Nickelodeon, Moneyball, Digital Currency and searching for the signal in the noise

Alan Goodman
AERYUS
Published in
3 min readMar 2, 2020

How do a children’s TV channel, an analytical system for predicting success in baseball, and crypto forecasters relate? By trying to make sense of data when the data’s unreliable.

Nickelodeon was still a young channel and the audience was small when my company was their advertising agency. My colleagues and I depended on ratings to craft our messages and the network needed them to justify what they charged advertisers. Occasionally, a series would be cooking along when suddenly in one week it would lose 20% of the audience. There was nothing on the competitive landscape that absorbed the viewers that we could determine. No holiday or other event that would have cut into viewing. Just an unexplained drop, and then the next week it would be back up. I proposed a theory about the ratings sample — “Two kids had a test.” The network was small, the ratings sample was small, and any move by a few could have drastic effect. At least, that was my theory and no one had a better one.
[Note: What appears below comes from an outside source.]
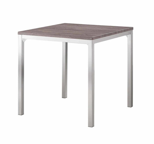 Quaint, compact, and quality-made, the Eldridge Weathered Grey and Chrome Counter-Height Table is a perfect fit for the contemporary home with a smaller dining space or breakfast nook. Built to fit two to four comfortably, this square, counter-height pub table's wood top is finished in a weathered grey that accentuates its natural grain. This pub table is a part of the Eldridge Contemporary Weathered Grey and Chrome Dining Collection, with full table, chairs and server available separately.
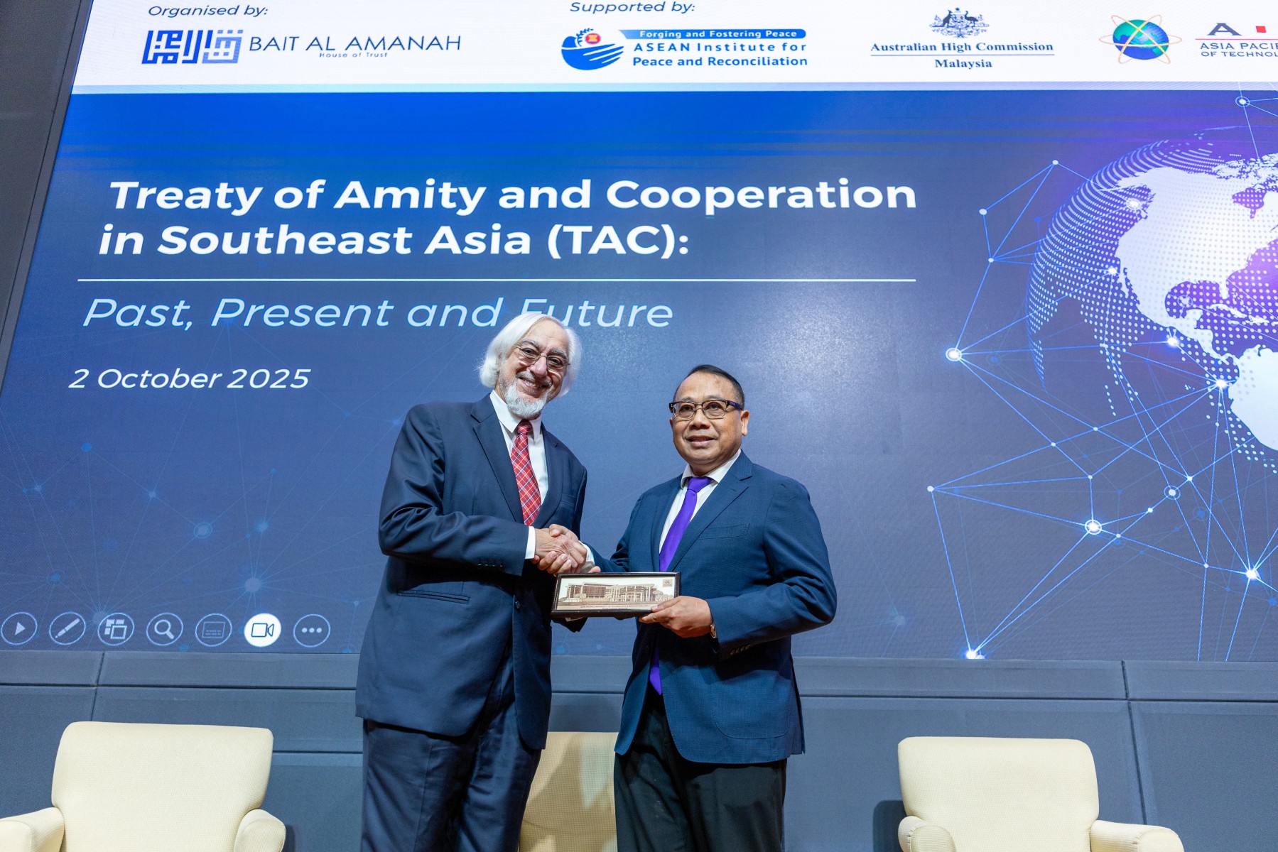 Next year marks the 50th anniversary of the Treaty of Amity and Cooperation in Southeast Asia (TAC), as a landmark document that laid the foundation for peace, trust, and stability in the region since its signing in 1976. In line with the upcoming anniversary, the ASEAN Institute for Peace and Reconciliation (ASEAN-IPR), under the initiative of the ASEAN-IPR Advisory Board (AB) Chair – Malaysia, convened a Seminar on the Treaty of Amity and Cooperation in Southeast Asia (TAC): Past, Present and Future on 2 October 2025 at the Asia Pacific University of Technology & Innovation (APU), Kuala Lumpur, Malaysia. The Seminar was organised by Bait Al Amanah, in partnership with ASEAN-IPR and APU, supported by the Australian High Commission in Kuala Lumpur.

The book “Moneyball” takes the reader through a season with the Oakland Athletics as they pioneer a statistical system to win the pennant. Year after year, the creators of the system brought a team that was undervalued and inexpensive (by baseball metrics) to victory at the end of the season, but not in the post season. As the book explains, with every team playing 162 games a year in every configuration, and decades of statistics to merge and analyze, predicting outcomes during the season was science. But with a relatively few post season games, with teams in unfamiliar matchups, in emotionally charged situations that would rarely be repeated, there just wasn’t enough data to make for good predicting.

Which brings us to digital currency

This week, fears of a coronavirus pandemic spread, supply chains were decimated due to work being halted worldwide, and stock exchanges plummeted as investors reared back on their heels, recognizing the harm to future earnings. Analysts tried to gauge the effect of it all on cryptocurrency. Would values hold? Would money flow into the space as an alternative investment? Would unrealistically rosy pronouncements from officials, clearly distrusted by the investment community, force money into the industry to guard against bad monetary policy and bad governance?

If you were watching, there was no shortage of posts about parabolic moves, the myth of safe havens in cryptocurrency, whether crypto is like gold or T bonds or stocks or like nothing else we know. And while some traders may have insight beyond everyone else’s, the most likely argument is that there isn’t enough data, and what’s there is unreliable.

And the right theory is — ?

We still don’t really know what digital currency is, because there still aren’t enough people actually using it. It’s held in a relatively small number of wallets by an undetermined (but tiny) number of people whose motives and actions and reactions can’t be reliably documented. We can have theories. But we can’t know.

Money has been around since beads and shells. The New York Stock Exchange is more than 200 years old. And even those firm and solid foundations get shook at times. Like this past week.

We’re going to need a whole lot more ups and downs, and we’re going to need use cases for currencies, before we know for sure what they’re doing and why. Which means, if you can’t figure out what’s happening, come up with a theory. For now, no one has a better one.